Description of the task
Pictures in the data must not be copied, but everything else should be output exactly.

Given data
↓
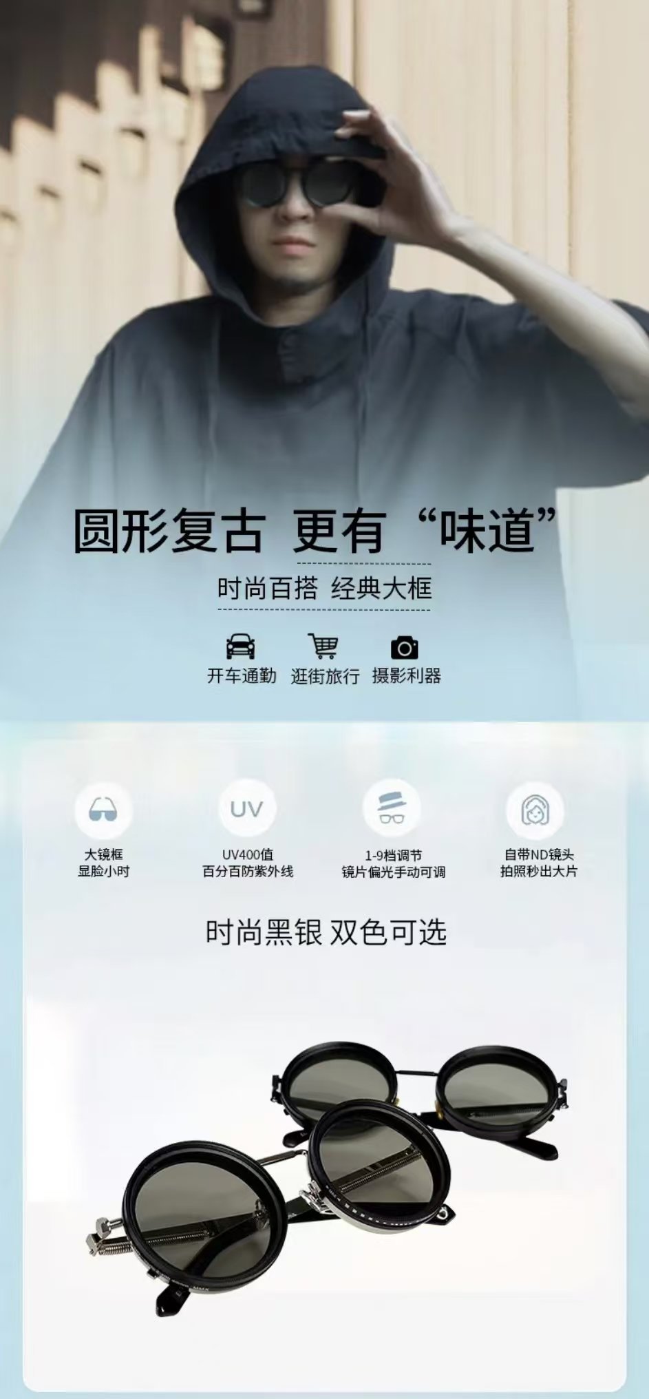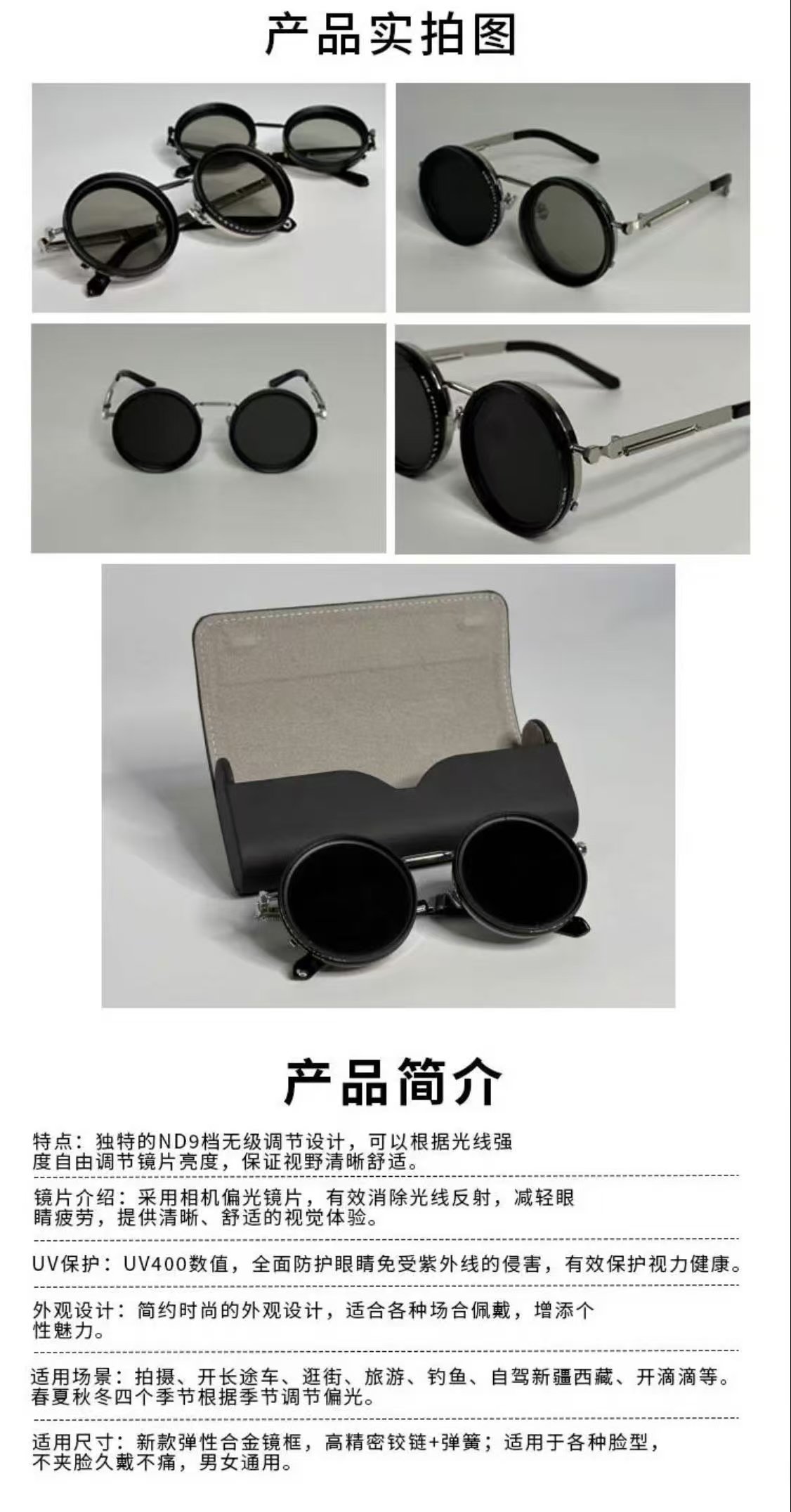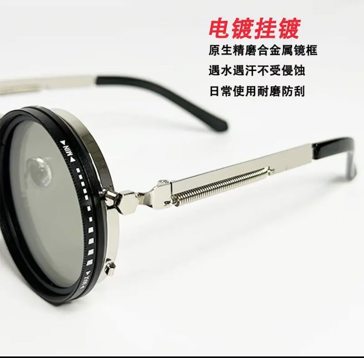ollig·ND純手工太陽墨鏡偏光偏振減光濾鏡可調節復古圓形框nd偏光眼鏡
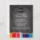 convites de festas de aposentadoria festivos para professores com tema de quadro-negro - Retirement Party'' no topo, de branco, contra um emblema falso de quadro-negro com uma imagem de borda com brilho prateado. A parte inferior tem uma borda de fotos de lápis coloridos e brilhantes. Faux preto, fundo do quadro de proteção. Personalizado com o nome do professor em chic, escrita. As informações personalizadas sobre a aposentadoria de professores, incluindo detalhes de RSVP, são impressas em letras brancas abaixo. A parte de trás tem um fundo de quadro negro correspondente.Nota: Todas as imagens são impressas. Não é um erro real. A divertida e única aposentadoria de professores de arte elementares convida para serem personalizados com seus próprios detalhes personalizados. Não apenas para aposentadorias de professores. Complementa as festas temáticas em preto e prata ou em quadro negro. Perfeito para a aposentadoria de artistas ou temas de festas de arte também.
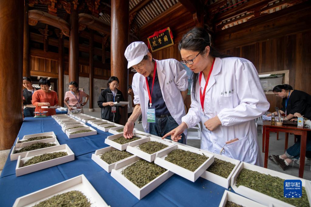 5月13日,在浙江省金華市武義古城,評委在現場(chǎng)進(jìn)行茶葉質(zhì)量評比。
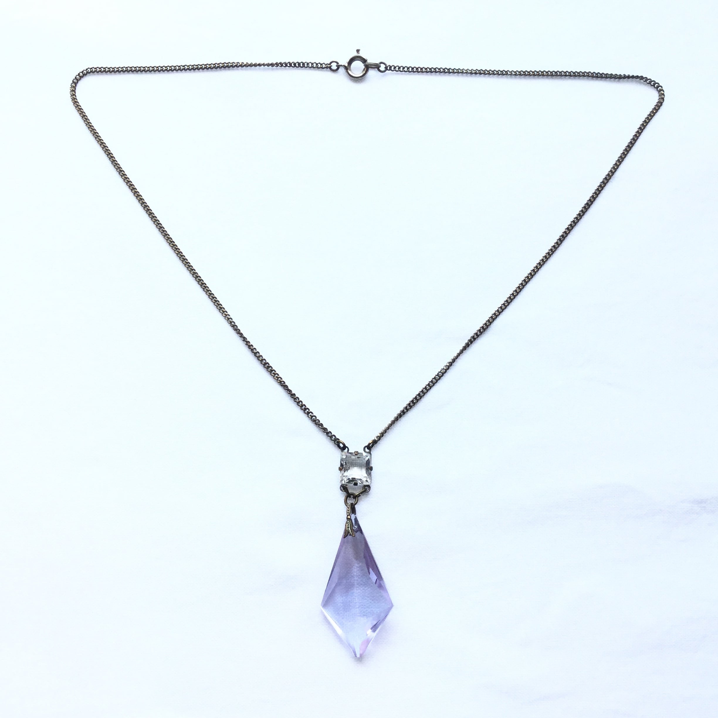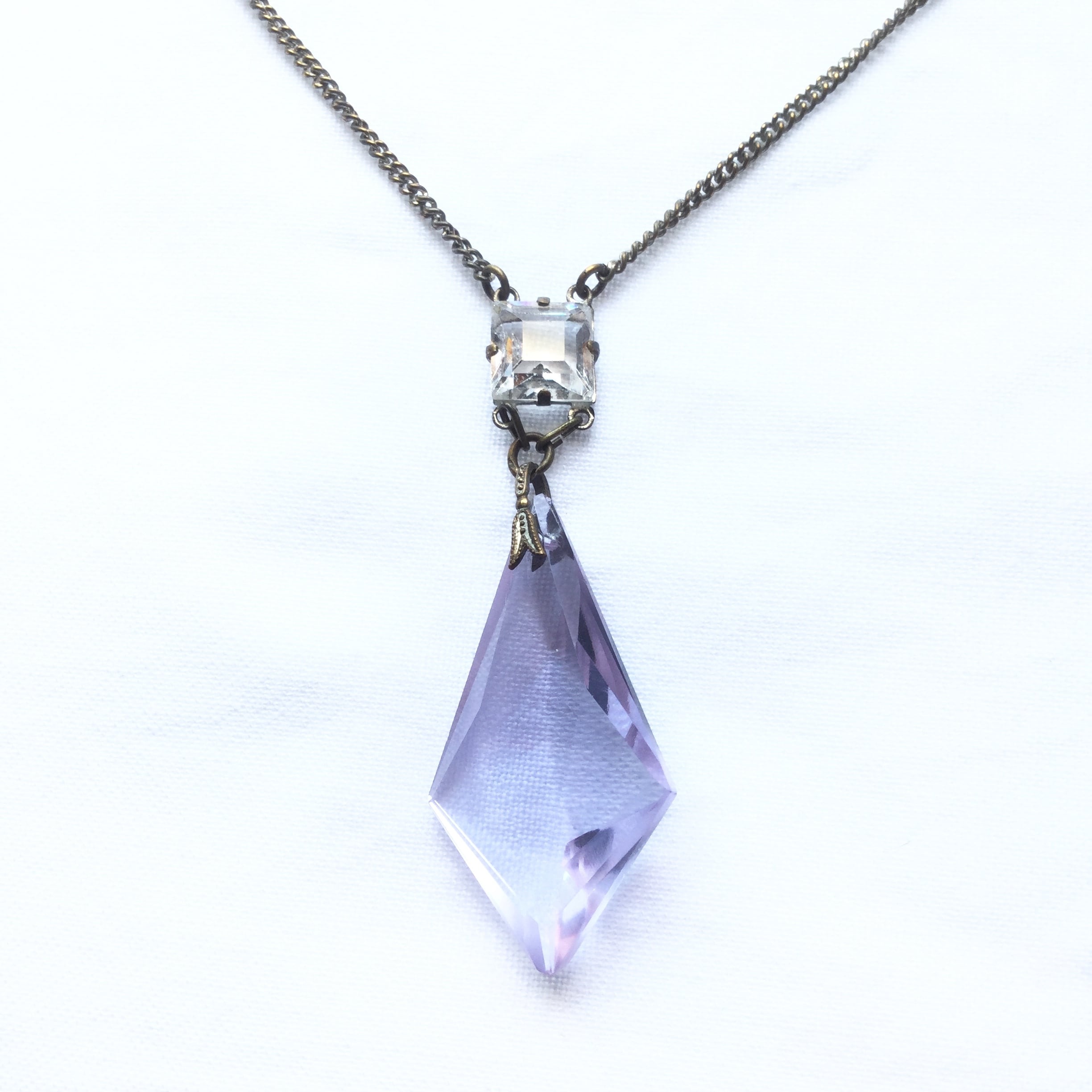 澄んだライラックブルーの大粒カットガラスに、オープンバックのスクエアカットガラス、シンプルなチェーンという、アール・デコらしいスタイルのネックレスです。
↑
Exercise solution
ollig·ND純手工太陽墨鏡偏光偏振減光濾鏡可調節復古圓形框nd偏光眼鏡
 convites de festas de aposentadoria festivos para professores com tema de quadro-negro - Retirement Party'' no topo, de branco, contra um emblema falso de quadro-negro com uma imagem de borda com brilho prateado. A parte inferior tem uma borda de fotos de lápis coloridos e brilhantes. Faux preto, fundo do quadro de proteção. Personalizado com o nome do professor em chic, escrita. As informações personalizadas sobre a aposentadoria de professores, incluindo detalhes de RSVP, são impressas em letras brancas abaixo. A parte de trás tem um fundo de quadro negro correspondente.Nota: Todas as imagens são impressas. Não é um erro real. A divertida e única aposentadoria de professores de arte elementares convida para serem personalizados com seus próprios detalhes personalizados. Não apenas para aposentadorias de professores. Complementa as festas temáticas em preto e prata ou em quadro negro. Perfeito para a aposentadoria de artistas ou temas de festas de arte também.
 5月13日,在浙江省金華市武義古城,評委在現場(chǎng)進(jìn)行茶葉質(zhì)量評比。
 澄んだライラックブルーの大粒カットガラスに、オープンバックのスクエアカットガラス、シンプルなチェーンという、アール・デコらしいスタイルのネックレスです。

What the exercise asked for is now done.